インゲン豆抽出物とは?エビデンスをもとに効果や副作用を解説

alloeh編集部

最終更新日:2020/05/07

インゲン豆抽出物成分解説

インゲンマメは、中米およびメキシコ原産のマメ科植物であるインゲンマメ(Phaseolus vulgaris)などさまざまなものがあります。

インゲンマメは重要な食品であり、世界中の主要なタンパク質源です。

さまざまな伝統的な料理で使用されるインゲンマメは通常、よく調理されて食べられます。生または十分に調理されていないインゲン豆には毒性がありますが、十分に調理されたインゲン豆はバランスの取れた健康的な食事となります。(参考)

白、クリーム、黒、赤、紫、斑点、縞模様、まだら模様など、さまざまな色とパターンがあります。

この記事では、インゲンマメについて知っておくべき点についてお話していきます。

インゲンマメの栄養成分について

インゲンマメは主に炭水化物と食物繊維で構成されていますが、タンパク質の優れた供給源としても機能します。

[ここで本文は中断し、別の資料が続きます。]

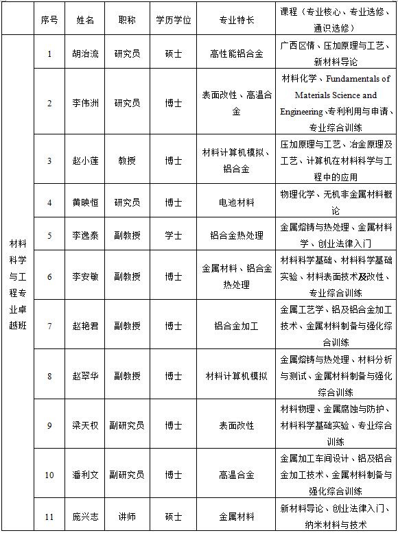 本材料科学与工程专业旨在培养德、智、体、美全面发展,适应我国战略性新兴的新材料产业和广西有色金属、钢铁、汽车、机械、水泥、陶瓷等千亿元产业发展需要,具备良好素质和科学知识基础,掌握材料科学与工程的基本理论和专业知识,具有创新精神和较强的实践能力,得到材料工程师基本训练,能在金属材料、无机非金属材料、冶金及相关材料领域从事生产运行、工程设计、技术开发、科学研究等工作的生产、管理一线的现代工程师。

100gの茹でたインゲンマメの栄養成分は次のとおりです。

  • カロリー:127cal 
  • 水分:67% 
  • タンパク質:8.7g 
  • 炭水化物:22.8g 
  • 砂糖:0.3g 
  • 食物繊維:6.4g 
  • 脂肪:0.5g 


タンパク質

インゲンマメはタンパク質が豊富に含まれています。

茹でたインゲン豆は100gに対しタンパク質は約9gと、総カロリー量の27%を占めています。

植物性たんぱく質の栄養品質は一般に動物性たんぱく質よりも低いですが、豆類は多くの人々にとって手頃な価格で入手することができる食品です。

実際、豆類は植物の中で最も豊富なタンパク質源の1つであり、「poor man’s meat」と呼ばれることもあります。(参考)

インゲンマメで最も広く研究されているタンパク質はファセオリンで、これは一部の人にとってアレルギー反応を引き起こす可能性があります。(参考1参考2)

インゲンマメには、レクチンやプロテアーゼ阻害剤などの他のタンパク質も含まれています。(参考)

炭水化物

インゲンマメは主にでんぷん質の炭水化物で構成されており、これは総カロリー量の約72%を占めています。(参考)

でんぷんは、主にアミロースとアミロペクチンの形をしており長鎖のグルコースで構成されています。(参考)

豆類は、他のほとんどのでんぷんと比較して、アミロースの割合が比較的高い(30〜40%)ことが特徴です。アミロースは、体内でアミロペクチンほど消化されません。(参考1参考2)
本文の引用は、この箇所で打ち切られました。